-- Opening Marker --
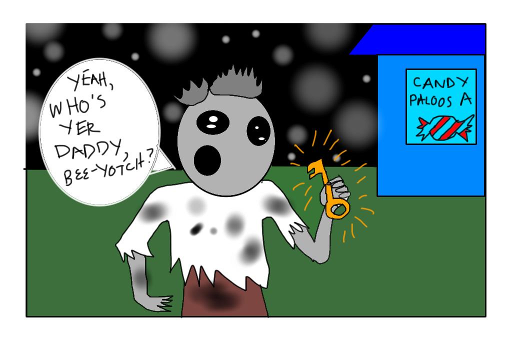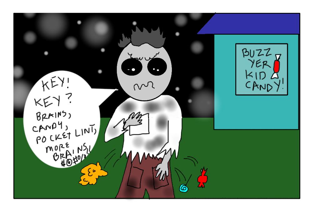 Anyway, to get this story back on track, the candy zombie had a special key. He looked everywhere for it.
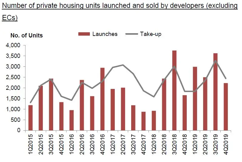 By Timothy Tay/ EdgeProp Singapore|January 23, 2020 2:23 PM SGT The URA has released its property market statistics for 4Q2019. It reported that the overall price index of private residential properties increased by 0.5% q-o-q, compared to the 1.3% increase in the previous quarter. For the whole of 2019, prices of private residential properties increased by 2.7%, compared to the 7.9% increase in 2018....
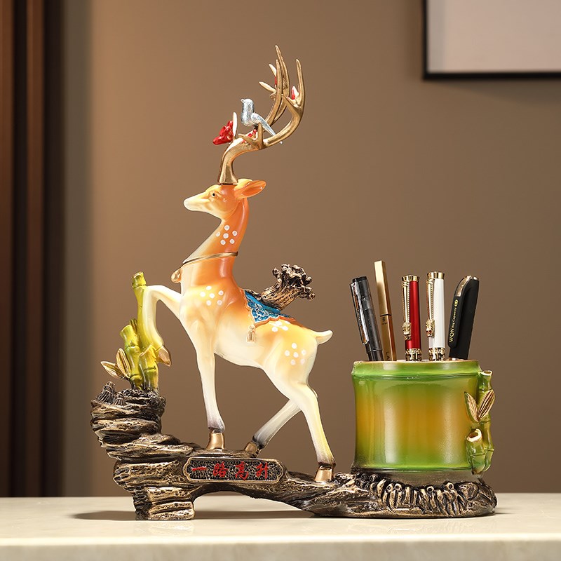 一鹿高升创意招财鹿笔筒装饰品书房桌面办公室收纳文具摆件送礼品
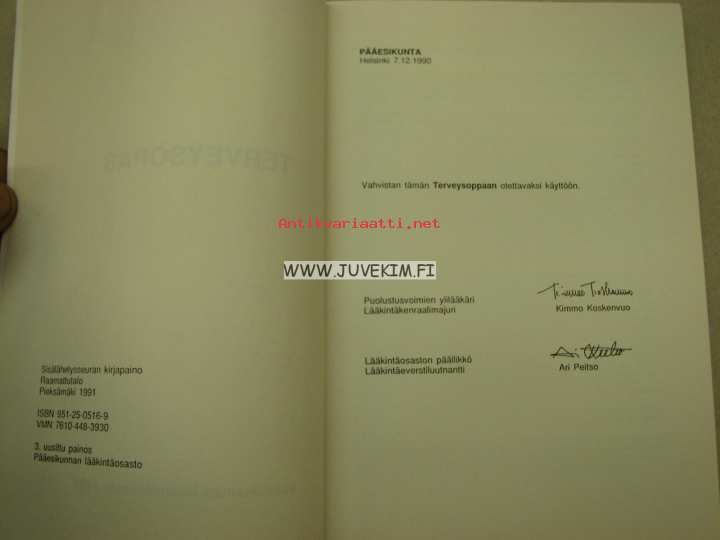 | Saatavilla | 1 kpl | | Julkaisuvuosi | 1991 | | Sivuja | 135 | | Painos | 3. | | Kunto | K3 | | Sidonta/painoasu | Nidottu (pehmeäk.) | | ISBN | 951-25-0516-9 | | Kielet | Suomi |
-- Closing Marker --
Starting at the line that contains "一鹿高升创意招财鹿笔筒装饰品书房桌面办公室收纳文具摆件送礼品", retype every line through the end of the material exactly as written, including both end lines but no pictures.

SOLUTION TO THIS TASK:
 一鹿高升创意招财鹿笔筒装饰品书房桌面办公室收纳文具摆件送礼品
 | Saatavilla | 1 kpl | | Julkaisuvuosi | 1991 | | Sivuja | 135 | | Painos | 3. | | Kunto | K3 | | Sidonta/painoasu | Nidottu (pehmeäk.) | | ISBN | 951-25-0516-9 | | Kielet | Suomi |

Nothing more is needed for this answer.